Is there any simple formula for this probability distribution of random walk? Assume $\{S_n\}_{n\geq 0}$ transits as follows: 


*

*$S_0=0$,

*for $k\geq 1$, $P(S_{n+1}=k+1|S_n=k)=\alpha$, $P(S_{n+1}=k|S_n=k)=\beta$ and $P(S_{n+1}=k-1|S_n=k)=1-\alpha-\beta$, where $\alpha,\beta\in(0,1)$ and $1-\alpha-\beta>0$.
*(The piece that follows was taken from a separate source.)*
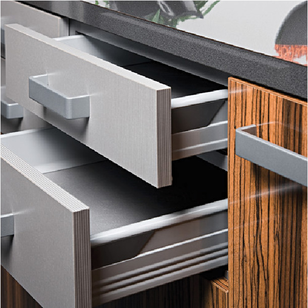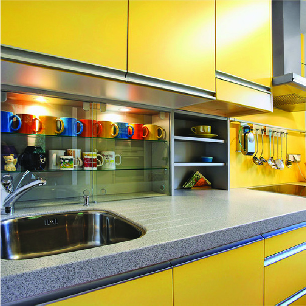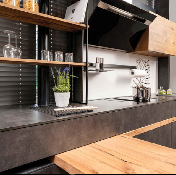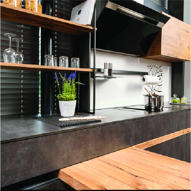 De la conception de cuisines et installations sanitaires à l’agencement de magasins les champs d’application des matériaux de la catégorie Interior sont divers et variés.

*for $k=0$, $P(S_{n+1}=1|S_n=k)=\alpha$ and $P(S_{n+1}=0|S_n=0)=1-\alpha$.
If $P_n$ is the distribution of $S_n$, is there any simple formula for $P_n$?
Thanks.
 A: I'm not sure there's a simple formulation for the distribution $P_n(k)$.
Let $P_n(k)$ have a $z$-transform defined by
$$
Q_n(z) = \sum_{k=0}^\infty P_n(k) z^k
$$
Let $\gamma = 1-\alpha-\beta$.  Then the distribution $P_{n+1}(k)$ is given by
$$
P_{n+1}(k) = \alpha P_n(k-1) + \beta P_n(k) + \gamma P_n(k+1), \qquad k \geq 1
$$
$$
P_{n+1}(0) = (\beta+\gamma) P_n(0) + \gamma P_n(1)
$$
Then
$$
\begin{align}
Q_{n+1}(z) & = \alpha zQ_n(z) + \beta Q_n(z) + \gamma P_n(0)
             + \frac{\gamma}{z} [Q_n(z) - P_n(0)] \\
           & = \Bigl(\alpha z+\beta+\frac{\gamma}{z}\Bigr) Q_n(z)
             + \Bigl(\gamma-\frac{\gamma}{z}\Bigr) P_n(0)
\end{align}
$$
Since $P_n(0) = Q_n(0)$, we can rewrite this slightly as
$$
\begin{align}
Q_{n+1}(z) & = \Bigl(\alpha z+\beta+\frac{\gamma}{z}\Bigr) Q_n(z)
             + \Bigl(\gamma-\frac{\gamma}{z}\Bigr) Q_n(0) \\
           & = \frac{(\alpha z^2+\beta z+\gamma) Q_n(z)
             + (\gamma z-\gamma) Q_n(0)}{z}
\end{align}
$$
However, I'm not sure one can do much with that recurrence.  One can get the equilibrium distribution $P_n(k) \to P(k)$, but that's more easily determined through the usual birth-death approach as
$$
P(k) = \Bigl(1-\frac{\alpha}{\gamma}\Bigr) \Bigl(\frac{\alpha}{\gamma}\Bigr)^k
$$
under the assumption that the system is ergodic (i.e., that $\alpha < \gamma$).